As described above, according to the fluid machine of the present invention, the frame and the holder are integrated to form an integrated frame, and the frame portion of the integrated frame and the shaft center of the bearing are connected. In this fan-shaped region, a space penetrating the front and back sides was formed so as to be laterally attached to the fan-shaped region in the circumferential direction. As a result, it is possible to reduce the number of parts, and it is possible to prevent the deformation of the bearing portion due to the shrinkage force of the shell during the shrink fitting of the integrated frame. Moreover, since the conventional aligning step can be omitted, the cost can be reduced and the assembling efficiency can be improved to enhance the productivity. Furthermore, a fluid machine with high bearing reliability can be obtained.

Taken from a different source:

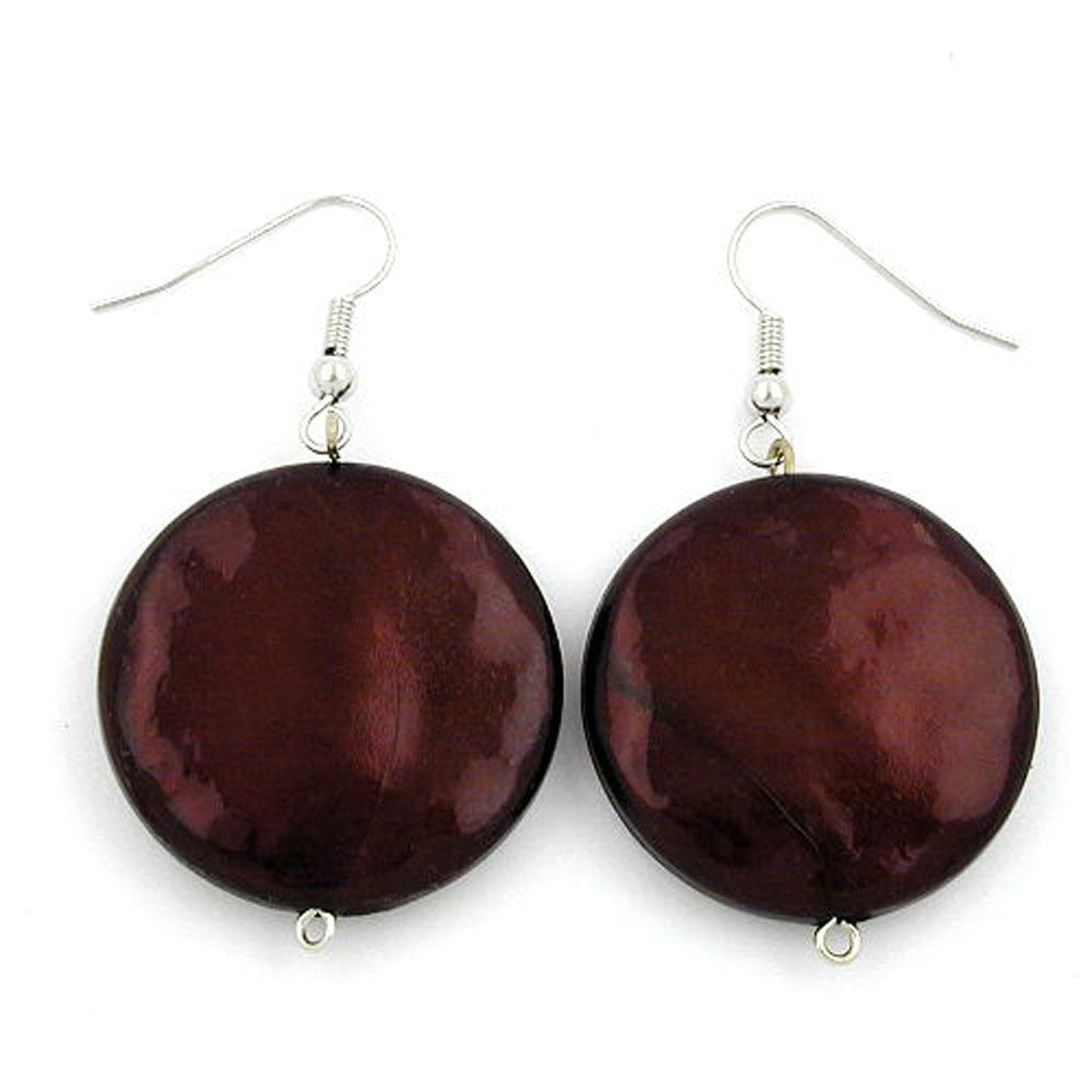 Diese auffallend großen braunen Modeschmuck-Ohrringe setzen den passenden i-Punkt zu den Farben Ihrer Kleidung. Der Ohrhänger besteht aus einem 28mm großen Pendel mit einer kaffeebraun-glänzenden, beidseitig unregelmäßig gewölbten Kunststoff-Perle und einem silberfarbenen Ohrhaken aus Messing (Weißbronze). Verkauf nur paarweise.

Further, since the step portion having a minute gap with the inner peripheral surface of the shell is provided in the cutout portion of the integral type frame, the step portion can separate the motor side space and the oil sump side space,
It can play an integral role of a "foaming prevention plate" that prevents the oil from being taken out due to the foaming of the refrigerant that occurs at the time of starting to sleep. Therefore, the number of parts is reduced and the assembling process is also reduced, so that the cost can be reduced and the productivity can be increased. In addition, a highly reliable fluid machine without oil depletion can be obtained.

[Brief description of drawings]

FIG. 1 is a plan view showing an integrated subframe of a scroll compressor according to an embodiment of the present invention.

FIG. 2 is a plan view showing an integral subframe of a scroll compressor according to another embodiment of the present invention.

FIG. 3 is an explanatory diagram for explaining a force acting on the integrated subframe according to the embodiment of the present invention.

4 is a cross-sectional view taken along the line AA in FIG.

FIG. 5 is a plan view showing an integral subframe and shell cross section of a scroll compressor according to another embodiment of the present invention.

6 is a sectional view taken along the line BB in FIG.

FIG. 7 is a vertical cross-sectional view showing the structure of a conventional scroll compressor.

[Explanation of symbols]

6 drive shaft, 11 shell, 15 bearing, 15c shaft center, 20 integrated sub-frame, 20a frame part,
20b holder part, 20c notch part, 20d space part,
20g full circumference step section, 20h fan-shaped area, 21 motor,
25 fluid compression mechanism, 31 oil sump, δ minute gap.

─────────────────────────────────────────────────── ─── Continuation of the front page (56) Reference JP-A-9-112474 (JP, A) JP-A-5-263773 (JP, A) JP-A-8-240191 (JP, A) (58) Field (Int.Cl. ⁷ , DB name) F04C 29/00 F04C 18/02 311

Claims (2)

(57) [Claims] 1. A shell formed in a hermetically sealed manner, and the shell.
And a fluid compression mechanism disposed on one side of the shell
A motor disposed on the other side of the fluid compression mechanism,
A drive shaft provided by drivingly connecting a motor, and the drive
A bearing that rotatably supports the shaft in a radial direction, and the shaft
The frame that holds the bridge is fixed to the inner peripheral surface of the shell.
And a holder for supporting the frame.
In a body machine, the frame and the holder are integrally connected to form an integral type
A frame is formed, and the outer periphery of the integrated frame is
Providing a notch that is spaced apart from the inner peripheral surface of the shell
Together with the integral type fixed to the inner peripheral surface of the shell
It connects the frame part of the frame and the shaft center of the bearing.
A space that penetrates the front and back sides is surrounded by the fan-shaped area.
A fluid machine characterized in that it is formed so as to cross in the direction . 2. The integrated frame integrally connects a subframe that holds a bearing that rotatably supports a drive shaft in a radial direction, and a subframe holder that supports the subframe on an inner peripheral surface of a shell. And a step portion that covers at least the cutout portion is provided on the outer peripheral portion of the integral frame with a predetermined minute gap between the stepped portion and the inner peripheral surface of the shell. The fluid machine according to claim 1.